A Lyon, les taxis se sont rassemblés à 7h à Gerland. Les estimations font état de 700 à 1000 voitures.
"On va faire une opération escargot en laissant une voie de libre pour que les secours puissent passer. Le but n’est pas de bloquer totalement la circulation. Ca va faire un blocage artificiel, malheureusement on en est conscient. On démarre en direction du pont Pasteur, on prend l’autoroute A7, on repart sur le pont Gallieni, l’avenue Berthelot, le boulevard des Tchécoslovaques, le boulevard Vivier-Merle puis la rue Servient. On s’installera tout autour de la préfecture. Puis on sera reçu à l’Agence Régionale de Santé à 13h30 et à la Préfecture à 15h. Les rendez-vous dureront entre 30 minutes et une heure. Enfin on raccompagnera les collègues venus de loin à l’autoroute."

Cette nouvelle loi de financement 2013 de la sécurité sociale inclut qu’à partir de l’an prochain les hôpitaux pourront éventuellement lancer des appels d’offres pour le transport des patients qui vont vers les consultations ou les hospitalisations.
"Ca on n’en veut pas, explique Pascal Wilder. On préfère prévenir que guérir pour rester dans un thème médical. La loi est sortie, les décrets d’application ne sont pas encore sortis donc on veut peser, on veut négocier. Car à ce jour, on nous a sorti les textes sans aucune négociation."
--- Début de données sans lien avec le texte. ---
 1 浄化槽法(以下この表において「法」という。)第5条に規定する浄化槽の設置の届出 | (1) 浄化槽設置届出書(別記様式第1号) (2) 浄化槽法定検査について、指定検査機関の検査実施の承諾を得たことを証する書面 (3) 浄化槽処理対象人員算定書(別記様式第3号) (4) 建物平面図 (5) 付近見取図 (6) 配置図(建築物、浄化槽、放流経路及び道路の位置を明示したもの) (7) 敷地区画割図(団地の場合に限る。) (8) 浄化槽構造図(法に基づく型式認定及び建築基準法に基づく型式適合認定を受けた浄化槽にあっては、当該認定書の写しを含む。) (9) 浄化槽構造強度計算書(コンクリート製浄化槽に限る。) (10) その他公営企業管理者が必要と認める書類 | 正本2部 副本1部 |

Quelles sont les craintes des taxis ?
"On craint de perdre totalement notre travail. On sait que sur ces appels d’offre, un petit taxi ne pourra jamais être au top pour répondre face aux gros groupes comme les Hospices Civils de Lyon. On a déjà vécu ça avec les transports scolaires où on a entièrement perdu le marché. Mes collègues, surtout les ruraux, c’est 100% de leur chiffre d’affaire qui part. On estime qu’on a entre 150 et 200 taxis de la ville de Lyon  qui ne font que ça aujourd’hui. Et il y a encore la moitié des taxis qui font ça de temps en temps. On ne pourra plus vivre. Alors on ne mettra peut-être pas la clé sous la porte tout de suite, mais dans les années à venir… On ne viendra pas grossir les rangs du chômage car on ne cotise pas mais on viendra grossir ceux du RSA. Est-ce que c’est la bonne solution ?"
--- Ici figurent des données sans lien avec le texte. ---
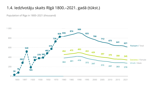 Iedzīvotāju skaita izmaiņas Rīgā attēlo augšējā līnija. Laika periodā, par kuru dati nav pieejami, katru gadu līnija ir raustīta un ar aplīšiem attēloti datu punkti, lai tam pievērstu uzmanību. Divas papildu līnijas parāda sieviešu un vīriešu skaitu. Avots: Centrālā statistikas pārvalde

Si le gouvernement veut prendre cette décision, c’est parce que la cour des comptes estime que le budget des courses des taxis indépendants pèse trop lourd sur les caisses de la sécurité sociale.
"On est entièrement d’accord. Mais le problème c’est qu’ils veulent optimiser les transports d’une manière qui va nous mettre en difficulté financière et amener une très mauvaise qualité de service. Nous on a des propositions à faire. Quelque chose de très simple par exemple : le transport partagé. Eux ils aimeraient le faire de manière très théorique en transportant des gens sans regarder les pathologies mais simplement le lieu d’habitation. Ils les prendraient le matin et les ramèneraient le soir, même si les patients n’ont que 10 minutes de soins. Je pense que ce n’est pas une bonne qualité de service.
Nous ce qu’on propose, par exemple pour le centre de dialyse, c’est que lorsqu’ils ont deux patients qui habitent dans le même secteur, ils optimisent eux-mêmes le service en les recevant en même temps.
On nous demande de nous organiser, il faut aussi que les médecins soient peut-être un peu plus regardants sur leurs prescriptions, même si on perd quelques courses. Mais on est tous redevables, on paye tous des cotisations sociales. Il faut mieux gérer mais pas au détriment de la qualité."


D’autres opérations escargots seront organisées si rien ne bouge ?
"On prévoit de monter en puissance et l’ultime recours, ca sera d’envoyer tous les taxis à Paris."